Я тут же подхватила и продолжила:

– Тальницки унд фон Мерзебург.

Мальчик, почему-то я в уме назвала его мальчиком (видно было, что ему самое большее двадцать лет), взял мою руку, склонил голову и прикоснулся к моим пальцам сухими горячими губами. Не поцеловал, конечно, просто прикоснулся.

– Buon giorno, principe[10], – сказала я.

– Buon giorno, – ответил он, улыбнулся и продолжил уже по-нашему: – Но давайте не будем по-итальянски. Мы же не в Италии.

– Давайте, – сказала я. – Как вам Штефанбург? Давно ли? Бываете в опере?

– Штефанбург прекрасен, – сказал он. – Не хуже Будапешта. Я здесь недавно. В опере не бываю – не люблю.

– Отчего же? – я подняла брови. – Это, можно сказать, ваше национальное искусство.

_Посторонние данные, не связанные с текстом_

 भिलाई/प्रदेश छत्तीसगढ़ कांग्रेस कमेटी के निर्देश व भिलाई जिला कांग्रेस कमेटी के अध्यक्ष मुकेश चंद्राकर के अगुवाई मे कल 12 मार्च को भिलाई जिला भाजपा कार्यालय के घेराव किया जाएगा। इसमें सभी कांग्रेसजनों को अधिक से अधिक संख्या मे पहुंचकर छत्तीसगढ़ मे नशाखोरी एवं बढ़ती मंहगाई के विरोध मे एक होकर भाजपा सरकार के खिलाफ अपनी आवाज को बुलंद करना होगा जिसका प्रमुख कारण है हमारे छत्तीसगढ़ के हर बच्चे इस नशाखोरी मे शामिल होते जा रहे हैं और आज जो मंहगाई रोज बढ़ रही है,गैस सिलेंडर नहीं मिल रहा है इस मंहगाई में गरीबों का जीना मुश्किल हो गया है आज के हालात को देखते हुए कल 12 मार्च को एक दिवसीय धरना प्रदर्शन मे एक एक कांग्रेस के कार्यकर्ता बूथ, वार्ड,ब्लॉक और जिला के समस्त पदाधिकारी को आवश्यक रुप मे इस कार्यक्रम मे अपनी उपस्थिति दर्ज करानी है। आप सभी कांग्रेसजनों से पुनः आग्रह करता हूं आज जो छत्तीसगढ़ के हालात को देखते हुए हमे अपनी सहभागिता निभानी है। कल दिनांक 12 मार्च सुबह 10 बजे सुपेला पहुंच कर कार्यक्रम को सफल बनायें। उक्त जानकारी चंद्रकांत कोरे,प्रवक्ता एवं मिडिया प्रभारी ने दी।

– Как-то так, – он развел руками. – Я слышал, что французы не любят жареных лягушек, а русские терпеть не могут игры на балалайке. Национальный тип навязывается нам извне. Все люди разные. Есть итальянцы, которые любят оперу, а есть и такие, которые ни разу в жизни не то что не проронили музыкального звука, но и не слышали ничего, кроме грубых рыбацких песенок.

– Вы имеете в виду неаполитанские песни?

– Отнюдь нет. Неаполитанские песни – это род искусства, а искусство занимает в жизни людей гораздо меньшую часть, чем… – и он замялся.

– Чем что? – спросила я.

– Чем деньги, – вздохнул он и развел руками, – или чем политика.

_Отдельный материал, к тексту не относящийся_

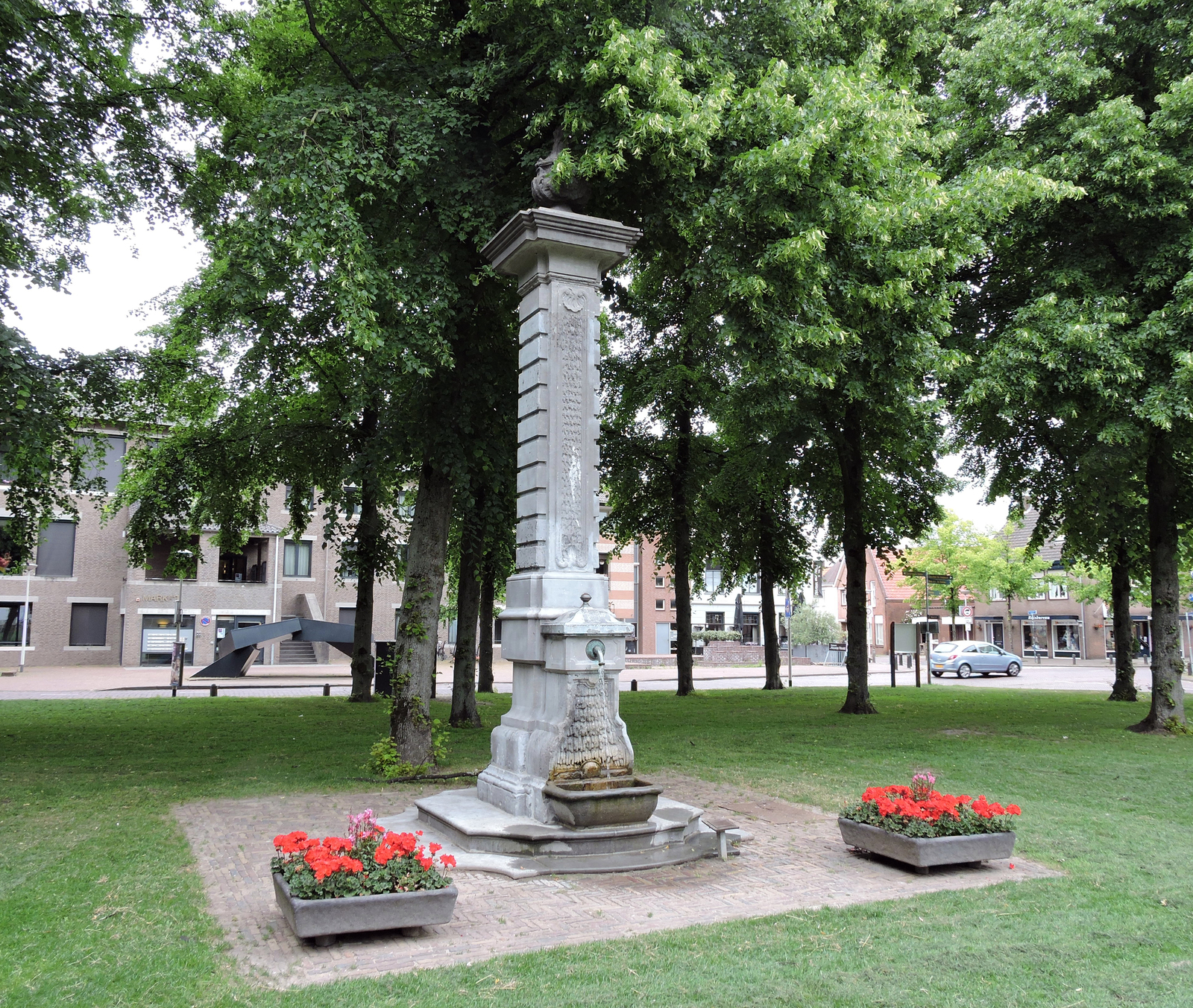 Hardstenen waterpomp aan de noordkant van de Markt

– К сожалению, вы хотите сказать? – спросила я.

– Зачем жалеть о том, чего не исправишь…

– Как знать, – подала голос мама. – Если рассуждать столь рационально, то тогда и вовсе поговорить не о чем. Ни о погоде, ни о жизни и смерти, не говоря уже о ценах в магазинах или результатах скачек. Ни на что из перечисленного, да и вообще на девять десятых, а может, даже на девяносто девять сотых из всего происходящего в мире – мы не имеем никакого влияния. Прикажете молчать? Или рассуждать о том, какое колечко на какой палец надеть? То есть о том, что наверняка в моих руках? – И она засмеялась.

– Я бы не стал доводить всякую мысль до абсурда, – вежливо, но твердо сказал Габриэль. – Одно дело обсуждать, другое дело – растравлять себе душу сожалением. Очевидно, я не совсем точно выразился.

– Может быть, вам удобнее все-таки по-итальянски? Parliamo italiano[11]? – сказала я.

– А вам? – возразил он.

– Для вас я готова постараться, – сказала я.

– Ах, что вы, что вы, не стоит, – сказал он. – Графиня так добра, – сказал он, обращаясь ко мне, глядя на меня своими красивыми, чуть выпуклыми глазами, – что позволила мне жить у себя.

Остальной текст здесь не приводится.